Could you please retype exactly the lines from the start of the records below through the line that contains "Tack-kort med ett", both included, and leave out the pictures?

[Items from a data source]
• • •
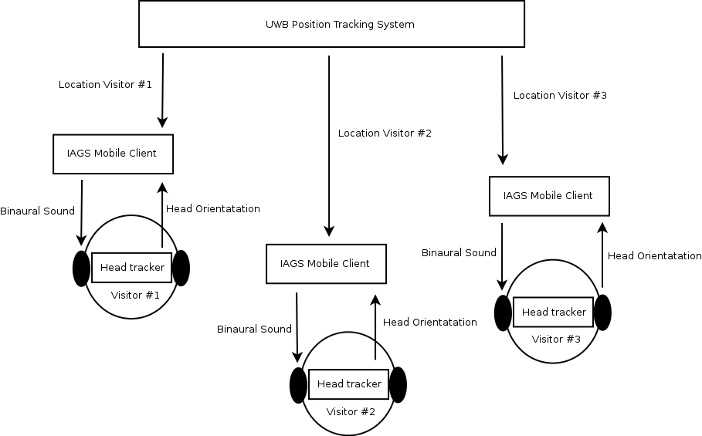 Standort und Kopforientierung werden an den IAGS Mobile Client gesendet, eine Smartphone-App, die für die ortsabhängige Audiowiedergabe und das 3D-Audio-Rendering zuständig ist. Je nach Standort und Kopforientierung des Besuchers stellt der IAGS Mobile Client Sprache, Musik und/oder Sounddesign entsprechend zur Verfügung.
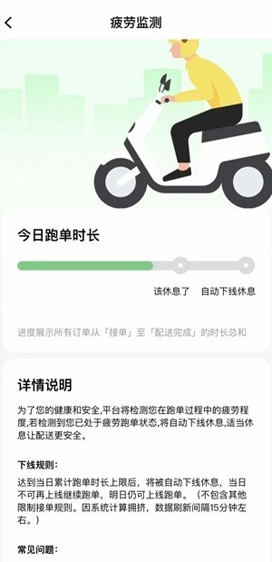 骑手秦师傅说:“这两天就有提示了。因为我跑的时间不是特别长,它会给一个提示,问你是不是感觉身体疲惫。我的室友他(跑单时长比较长)从早上七点到晚上,强制下线,他就回来了。”
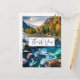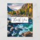 Tack-kort med ett vackert fotografi som visar trädbevuxna berg i höstfärger. En flod flyter runt stenar. En stor vit fullmåne svävar ovanför.
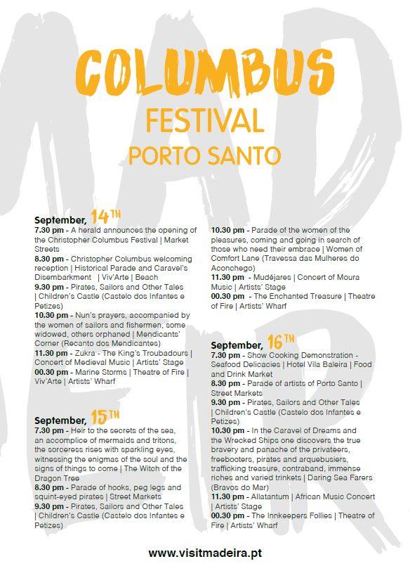 The Colombo Festival is based on the historical recreation of the time when the Genoese merchant lived on the island of Porto Santo. The program includes the disembarkation of Colombo, a sixteenth-century market, where gastronomy, handicrafts, arcades, circus arts, theatricals and staging of peace and war perpendices are common at the time, games of skill, weapons training, acrobatics and juggling, music and exotic dances, guaranteeing constant animation and constant excitement among the many characteristic figures of the time, which enchant residents and tourists alike.
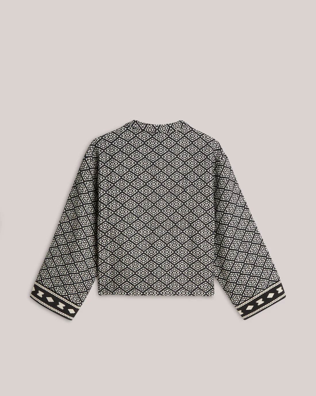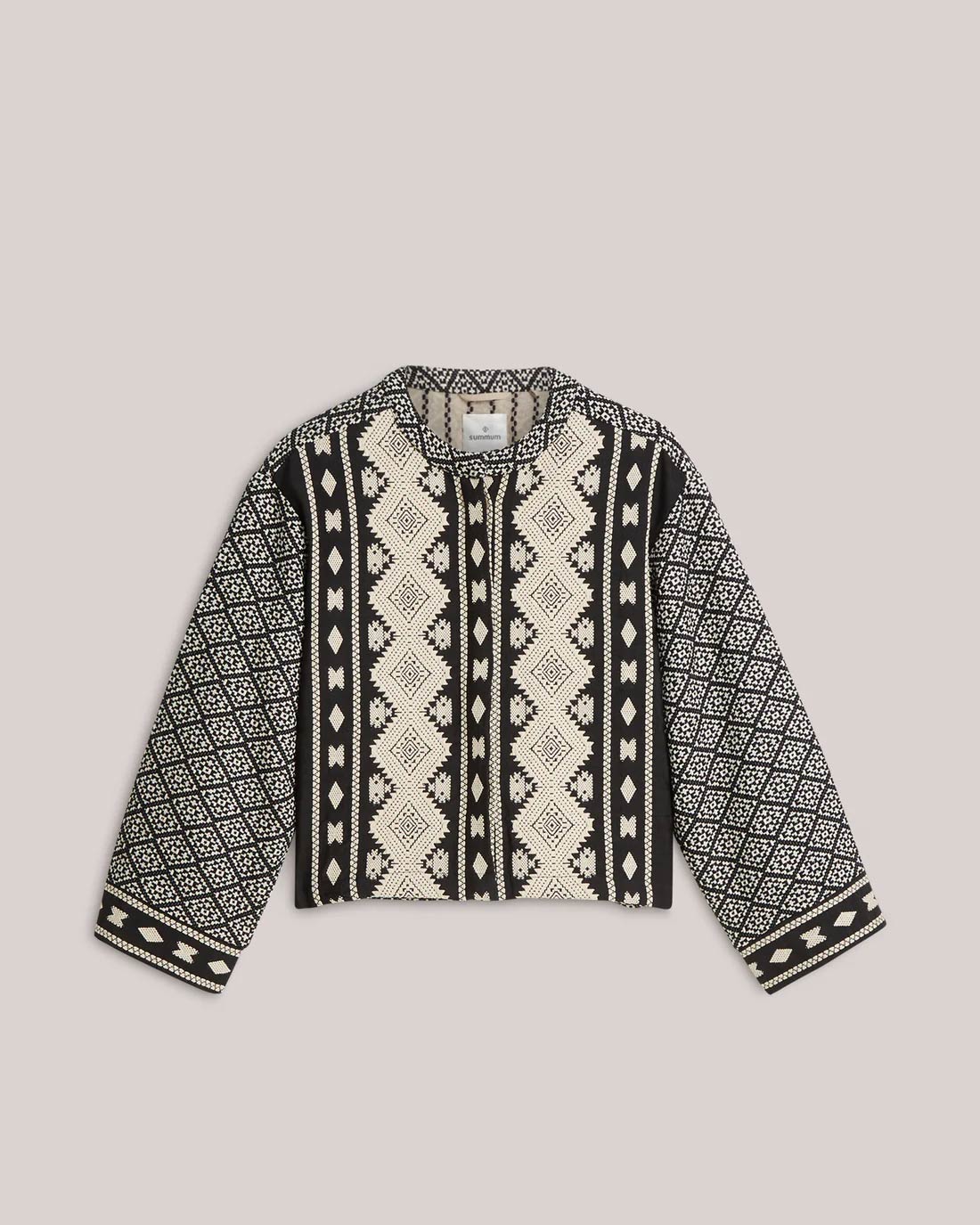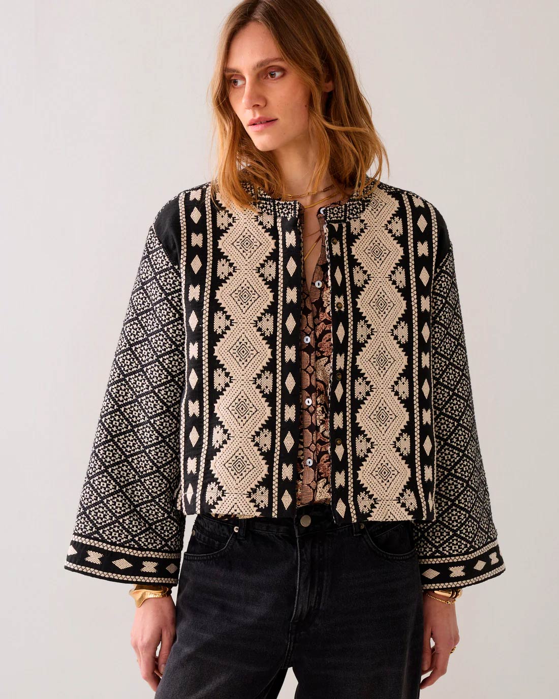 Reversible kimono jacket in a sturdy jacquard blend with a rich, woven texture. The jacket has a transparent lining on the inside.
• • •
--- Problem solution ---
 Standort und Kopforientierung werden an den IAGS Mobile Client gesendet, eine Smartphone-App, die für die ortsabhängige Audiowiedergabe und das 3D-Audio-Rendering zuständig ist. Je nach Standort und Kopforientierung des Besuchers stellt der IAGS Mobile Client Sprache, Musik und/oder Sounddesign entsprechend zur Verfügung.
 骑手秦师傅说:“这两天就有提示了。因为我跑的时间不是特别长,它会给一个提示,问你是不是感觉身体疲惫。我的室友他(跑单时长比较长)从早上七点到晚上,强制下线,他就回来了。”
 Tack-kort med ett vackert fotografi som visar trädbevuxna berg i höstfärger. En flod flyter runt stenar. En stor vit fullmåne svävar ovanför.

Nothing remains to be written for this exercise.